*What is expected*
Within the lines below, the span from the line with "When it’s cold" to the line with "Scents and Sensibilities", both ends included, is to be reproduced exactly, with pictures omitted.

*Data to process*
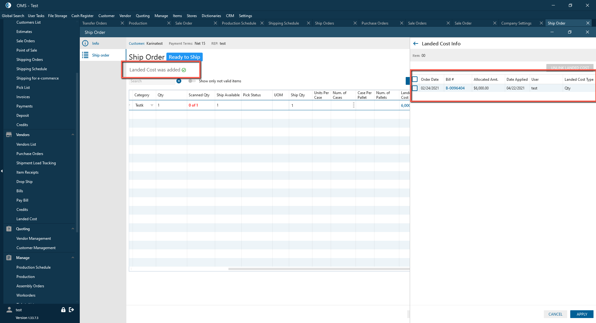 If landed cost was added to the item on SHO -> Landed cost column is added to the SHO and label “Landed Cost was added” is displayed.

==

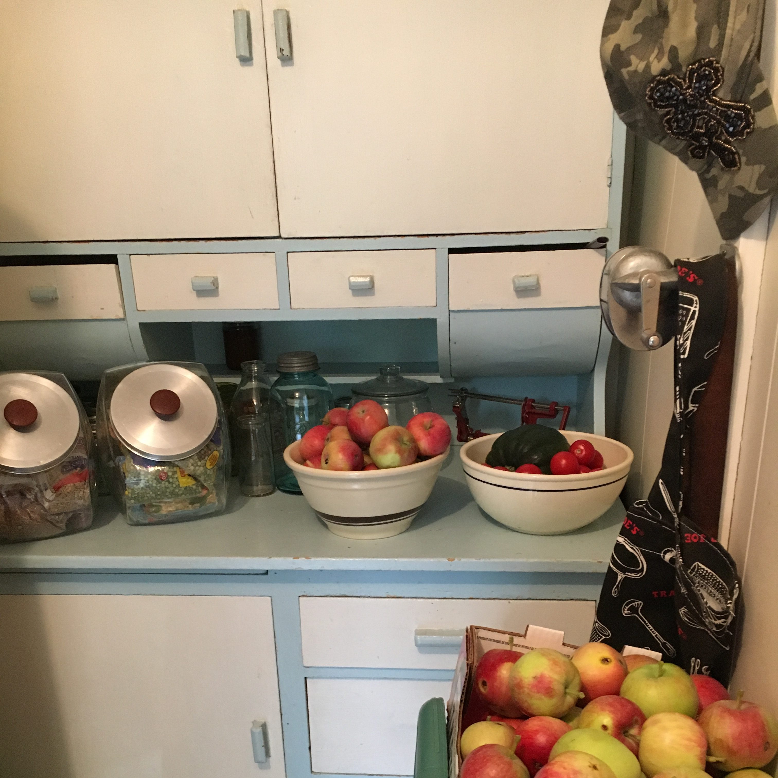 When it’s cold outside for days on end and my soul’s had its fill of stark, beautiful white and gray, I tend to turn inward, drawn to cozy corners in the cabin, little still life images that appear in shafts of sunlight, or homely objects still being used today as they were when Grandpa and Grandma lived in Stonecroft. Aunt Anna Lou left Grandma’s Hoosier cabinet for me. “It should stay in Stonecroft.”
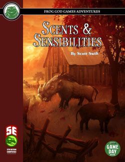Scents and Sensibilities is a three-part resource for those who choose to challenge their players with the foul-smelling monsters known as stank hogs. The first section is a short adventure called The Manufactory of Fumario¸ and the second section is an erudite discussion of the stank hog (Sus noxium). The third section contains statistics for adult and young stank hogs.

*Exercise output*
 When it’s cold outside for days on end and my soul’s had its fill of stark, beautiful white and gray, I tend to turn inward, drawn to cozy corners in the cabin, little still life images that appear in shafts of sunlight, or homely objects still being used today as they were when Grandpa and Grandma lived in Stonecroft. Aunt Anna Lou left Grandma’s Hoosier cabinet for me. “It should stay in Stonecroft.”
Scents and Sensibilities is a three-part resource for those who choose to challenge their players with the foul-smelling monsters known as stank hogs. The first section is a short adventure called The Manufactory of Fumario¸ and the second section is an erudite discussion of the stank hog (Sus noxium). The third section contains statistics for adult and young stank hogs.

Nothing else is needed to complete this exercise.